Copy out precisely the lines from the start of the data through the line with "其中还有位老爷爷拿着相机,记", and keep pictures out of it.

### THE DATA
++++++++++

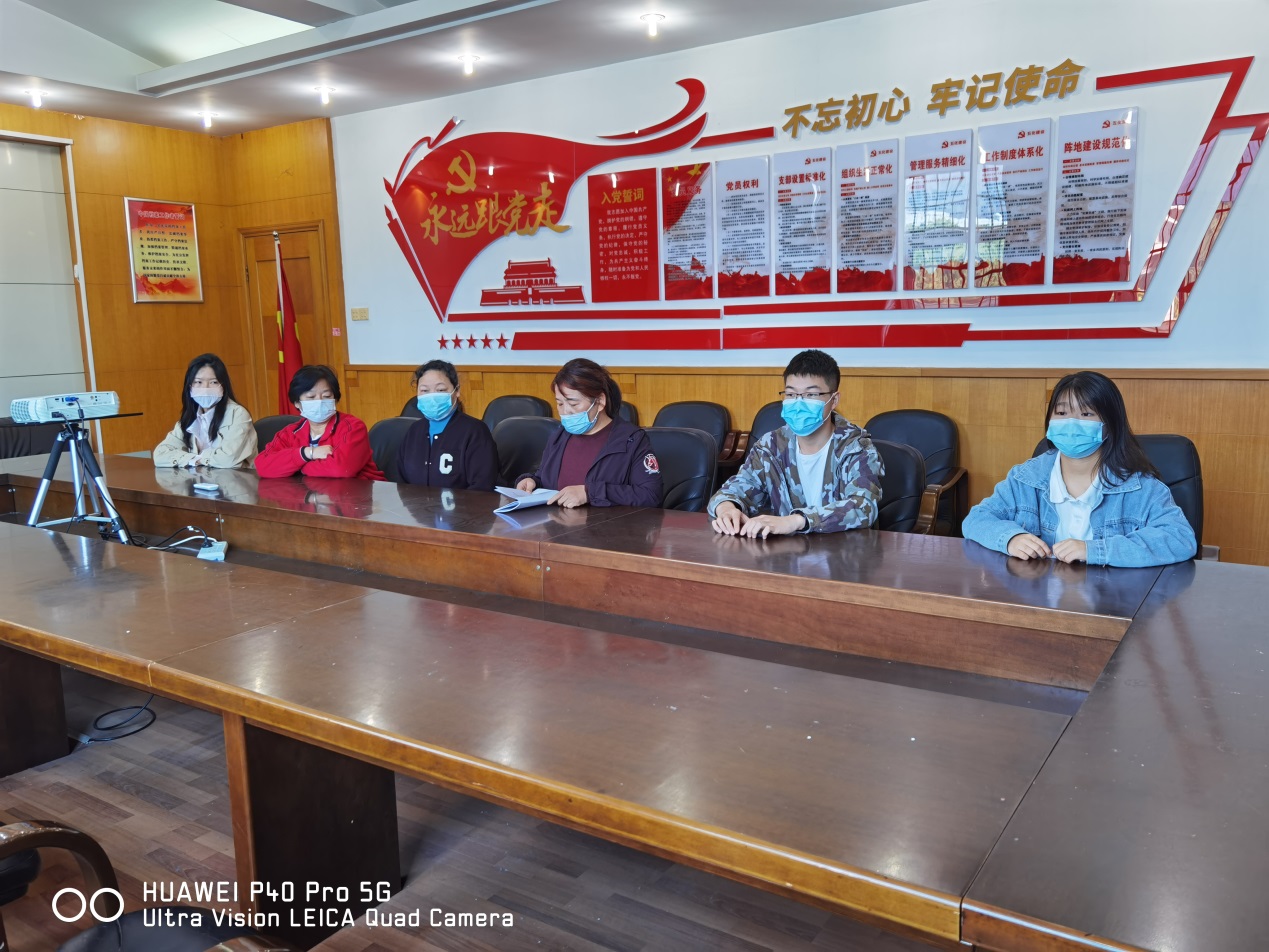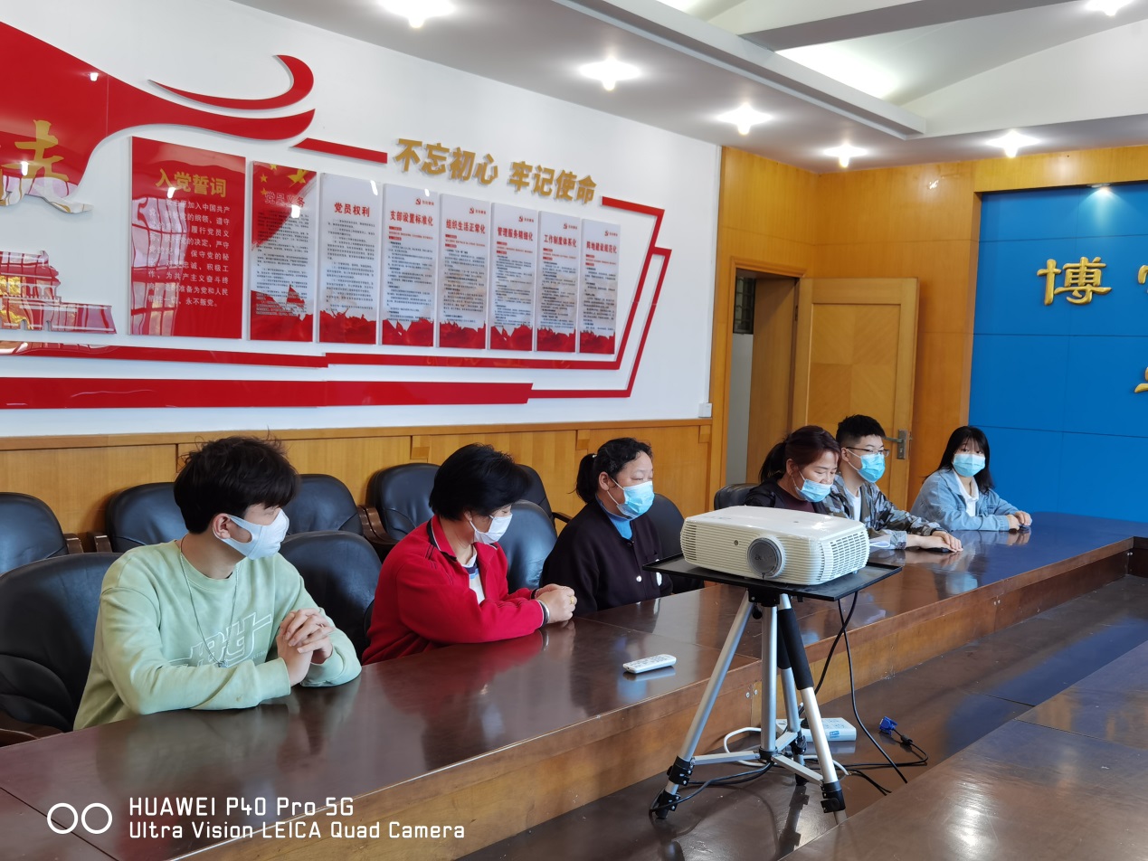 4月20日上午,学生档案室职工和学生助理一起学习新冠肺炎疫情防控知识
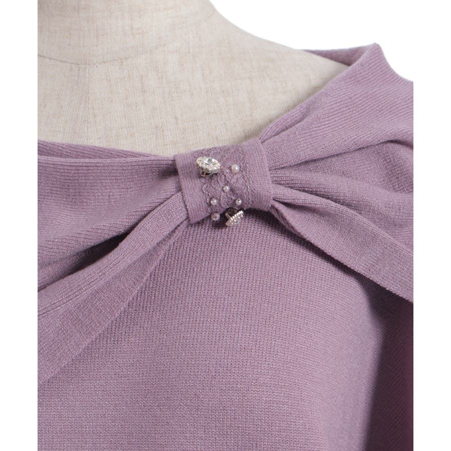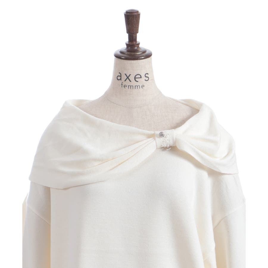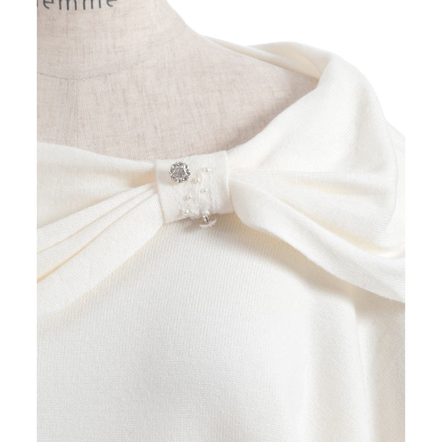 ドレープの効いたリボンをデコルテラインにあしらった、オフタートルのニット
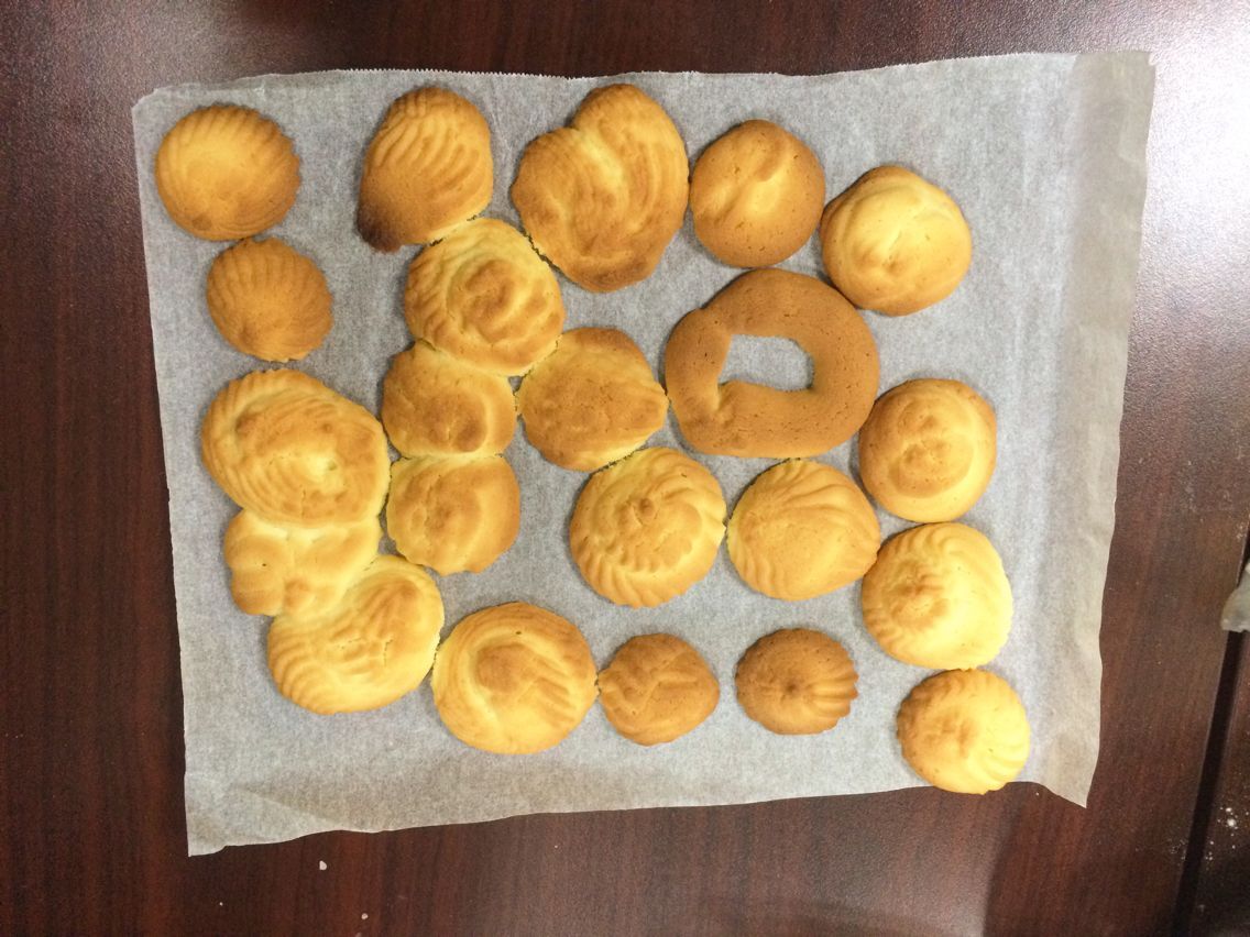 其中还有位老爷爷拿着相机,记录着整个过程,很有学习精神。最后的最后,将曲奇放入烘焙烤箱,等待十多分钟。第一盘曲奇出炉时,香味溢满整个房间,大家都上前拿了小块放在嘴里,从每个人的甜甜的笑容中可以想象出自己亲手制作的曲奇有多么好吃,“纯手工,无添加剂,新鲜出炉的”。
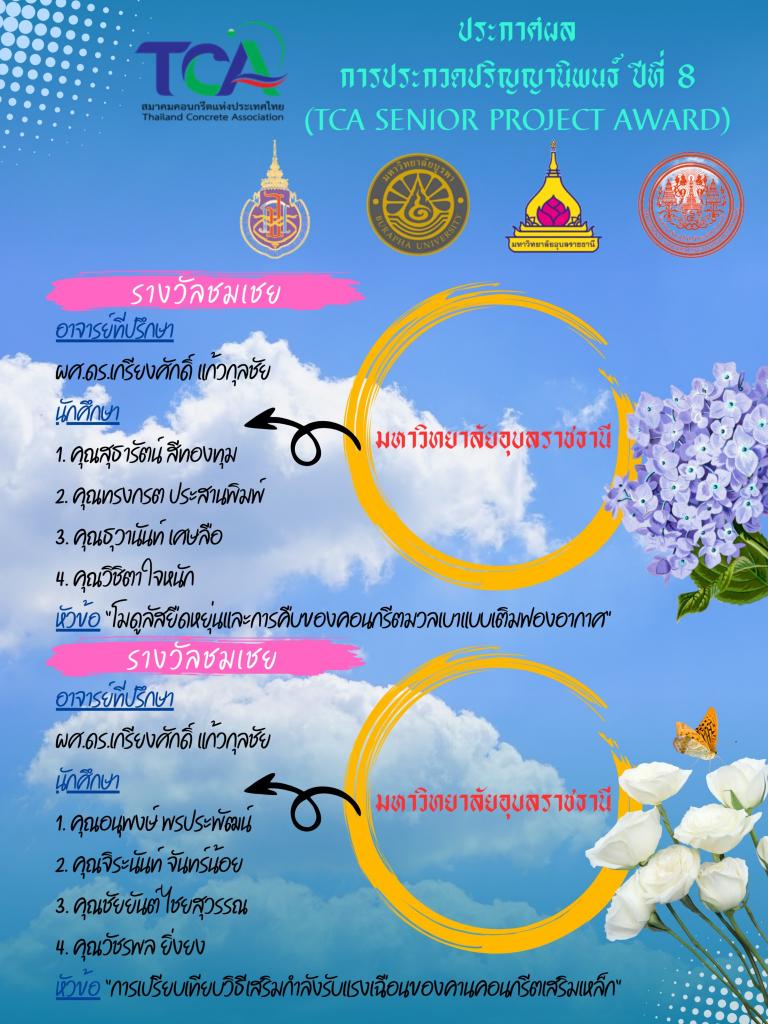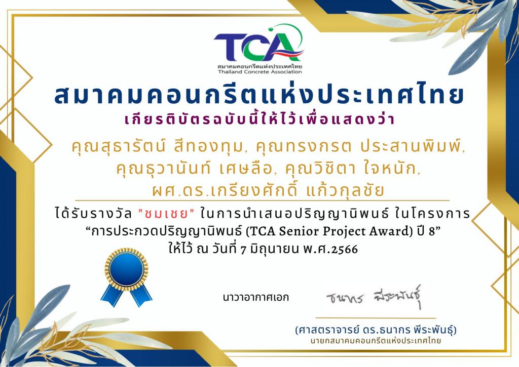 ขอแสดงความยินดีกับนักศึกษาภาควิชาวิศวกรรมโยธาที่ได้รับรางวัลชมเชย 2 รางวัล จากโครงการประกวดปริญญานิพนธ์ (TCA-Senior Project Award) ปีที่ 8 พ.ศ.2566 จัดขึ้นโดย สมาคมคอนกรีตแห่งประเทศไทย(TCA, Thailand Concrete Association) ในว้นที่ 7 มิถุนายน 2566 โดยมีรายละเอียดดังนี้

++++++++++

### SOLVED PROBLEM
 4月20日上午,学生档案室职工和学生助理一起学习新冠肺炎疫情防控知识
 ドレープの効いたリボンをデコルテラインにあしらった、オフタートルのニット
 其中还有位老爷爷拿着相机,记录着整个过程,很有学习精神。最后的最后,将曲奇放入烘焙烤箱,等待十多分钟。第一盘曲奇出炉时,香味溢满整个房间,大家都上前拿了小块放在嘴里,从每个人的甜甜的笑容中可以想象出自己亲手制作的曲奇有多么好吃,“纯手工,无添加剂,新鲜出炉的”。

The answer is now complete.